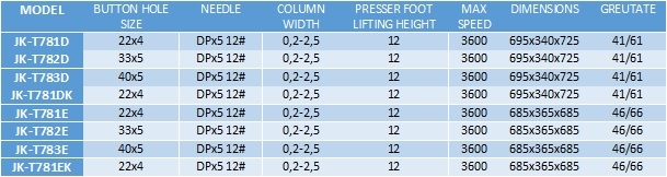 The models with K letter are specialized in sewing buttonholes on knitting material.
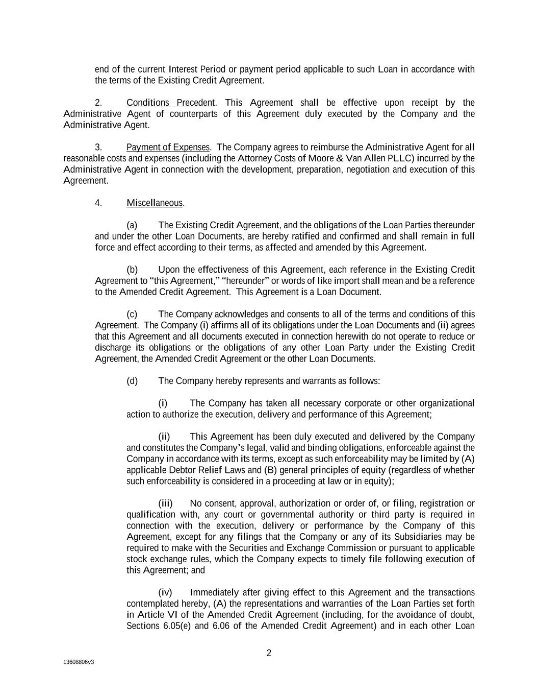 2 13608806v3 end of the current Interest Period or payment period applicable to such Loan in accordance with the terms of the Existing Credit Agreement. 2. Conditions Precedent. This Agreement shall be effective upon receipt by the Administrative Agent of counterparts of this Agreement duly executed by the Company and the Administrative Agent. 3. Payment of Expenses. The Company agrees to reimburse the Administrative Agent for all reasonable costs and expenses (including the Attorney Costs of Moore & Van Allen PLLC) incurred by the Administrative Agent in connection with the development, preparation, negotiation and execution of this Agreement. 4. Miscellaneous. (a) The Existing Credit Agreement, and the obligations of the Loan Parties thereunder and under the other Loan Documents, are hereby ratified and confirmed and shall remain in full force and effect according to their terms, as affected and amended by this Agreement. (b) Upon the effectiveness of this Agreement, each reference in the Existing Credit Agreement to “this Agreement,” “hereunder” or words of like import shall mean and be a reference to the Amended Credit Agreement. This Agreement is a Loan Document. (c) The Company acknowledges and consents to all of the terms and conditions of this Agreement. The Company (i) affirms all of its obligations under the Loan Documents and (ii) agrees that this Agreement and all documents executed in connection herewith do not operate to reduce or discharge its obligations or the obligations of any other Loan Party under the Existing Credit Agreement, the Amended Credit Agreement or the other Loan Documents. (d) The Company hereby represents and warrants as follows: (i) The Company has taken all necessary corporate or other organizational action to authorize the execution, delivery and performance of this Agreement; (ii) This Agreement has been duly executed and delivered by the Company and constitutes the Company’s legal, valid and binding obligations, enforceable against the Company in accordance with its terms, except as such enforceability may be limited by (A) applicable Debtor Relief Laws and (B) general principles of equity (regardless of whether such enforceability is considered in a proceeding at law or in equity); (iii) No consent, approval, authorization or order of, or filing, registration or qualification with, any court or governmental authority or third party is required in connection with the execution, delivery or performance by the Company of this Agreement, except for any filings that the Company or any of its Subsidiaries may be required to make with the Securities and Exchange Commission or pursuant to applicable stock exchange rules, which the Company expects to timely file following execution of this Agreement; and (iv) Immediately after giving effect to this Agreement and the transactions contemplated hereby, (A) the representations and warranties of the Loan Parties set forth in Article VI of the Amended Credit Agreement (including, for the avoidance of doubt, Sections 6.05(e) and 6.06 of the Amended Credit Agreement) and in each other Loan
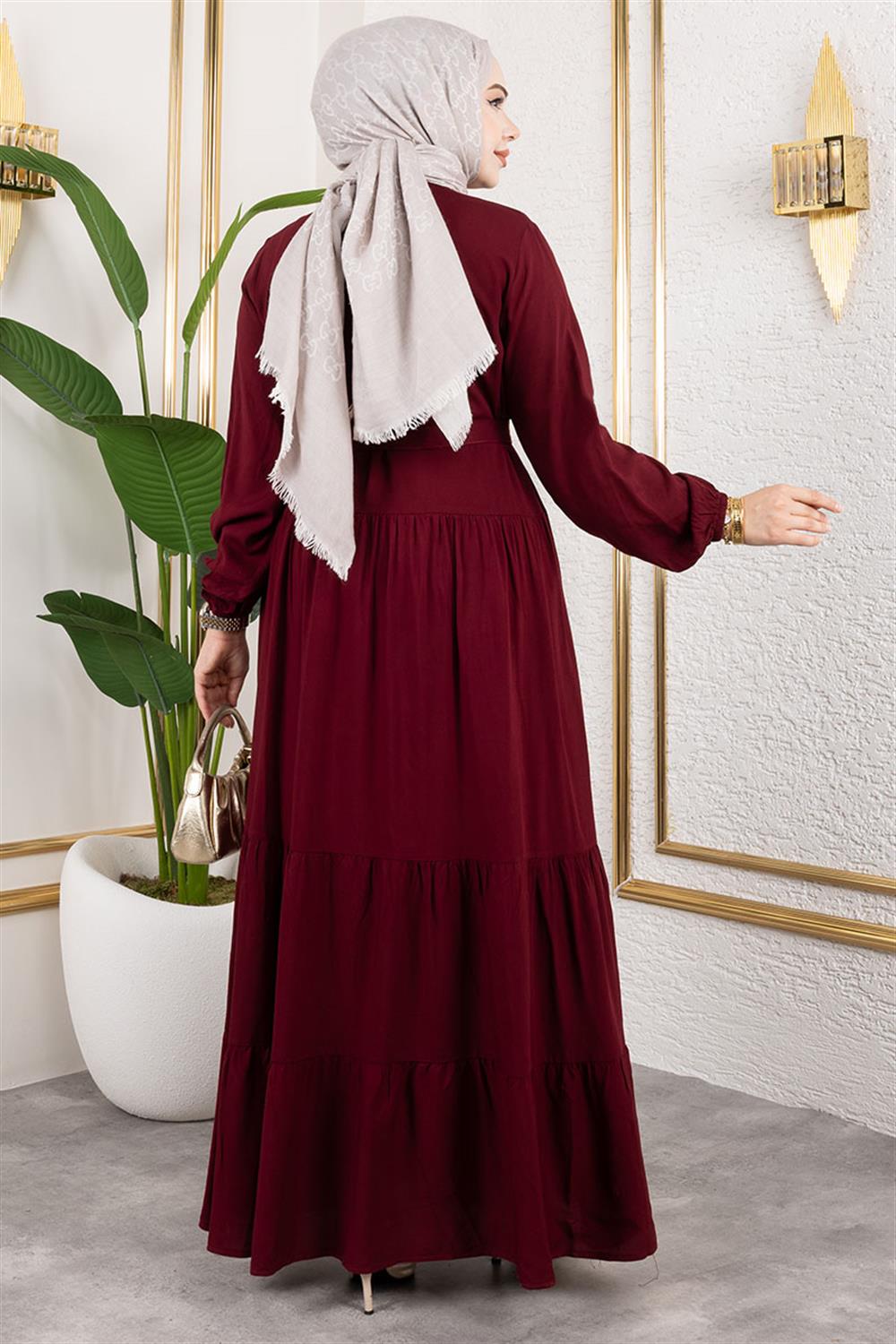 Önden Düğmeli Viskon Elbise

## THE PROBLEM
Go through the listing and restate each line word for word, leaving out the pictures.

## ANSWER TO THE PROBLEM
 The models with K letter are specialized in sewing buttonholes on knitting material.
 2 13608806v3 end of the current Interest Period or payment period applicable to such Loan in accordance with the terms of the Existing Credit Agreement. 2. Conditions Precedent. This Agreement shall be effective upon receipt by the Administrative Agent of counterparts of this Agreement duly executed by the Company and the Administrative Agent. 3. Payment of Expenses. The Company agrees to reimburse the Administrative Agent for all reasonable costs and expenses (including the Attorney Costs of Moore & Van Allen PLLC) incurred by the Administrative Agent in connection with the development, preparation, negotiation and execution of this Agreement. 4. Miscellaneous. (a) The Existing Credit Agreement, and the obligations of the Loan Parties thereunder and under the other Loan Documents, are hereby ratified and confirmed and shall remain in full force and effect according to their terms, as affected and amended by this Agreement. (b) Upon the effectiveness of this Agreement, each reference in the Existing Credit Agreement to “this Agreement,” “hereunder” or words of like import shall mean and be a reference to the Amended Credit Agreement. This Agreement is a Loan Document. (c) The Company acknowledges and consents to all of the terms and conditions of this Agreement. The Company (i) affirms all of its obligations under the Loan Documents and (ii) agrees that this Agreement and all documents executed in connection herewith do not operate to reduce or discharge its obligations or the obligations of any other Loan Party under the Existing Credit Agreement, the Amended Credit Agreement or the other Loan Documents. (d) The Company hereby represents and warrants as follows: (i) The Company has taken all necessary corporate or other organizational action to authorize the execution, delivery and performance of this Agreement; (ii) This Agreement has been duly executed and delivered by the Company and constitutes the Company’s legal, valid and binding obligations, enforceable against the Company in accordance with its terms, except as such enforceability may be limited by (A) applicable Debtor Relief Laws and (B) general principles of equity (regardless of whether such enforceability is considered in a proceeding at law or in equity); (iii) No consent, approval, authorization or order of, or filing, registration or qualification with, any court or governmental authority or third party is required in connection with the execution, delivery or performance by the Company of this Agreement, except for any filings that the Company or any of its Subsidiaries may be required to make with the Securities and Exchange Commission or pursuant to applicable stock exchange rules, which the Company expects to timely file following execution of this Agreement; and (iv) Immediately after giving effect to this Agreement and the transactions contemplated hereby, (A) the representations and warranties of the Loan Parties set forth in Article VI of the Amended Credit Agreement (including, for the avoidance of doubt, Sections 6.05(e) and 6.06 of the Amended Credit Agreement) and in each other Loan
 Önden Düğmeli Viskon Elbise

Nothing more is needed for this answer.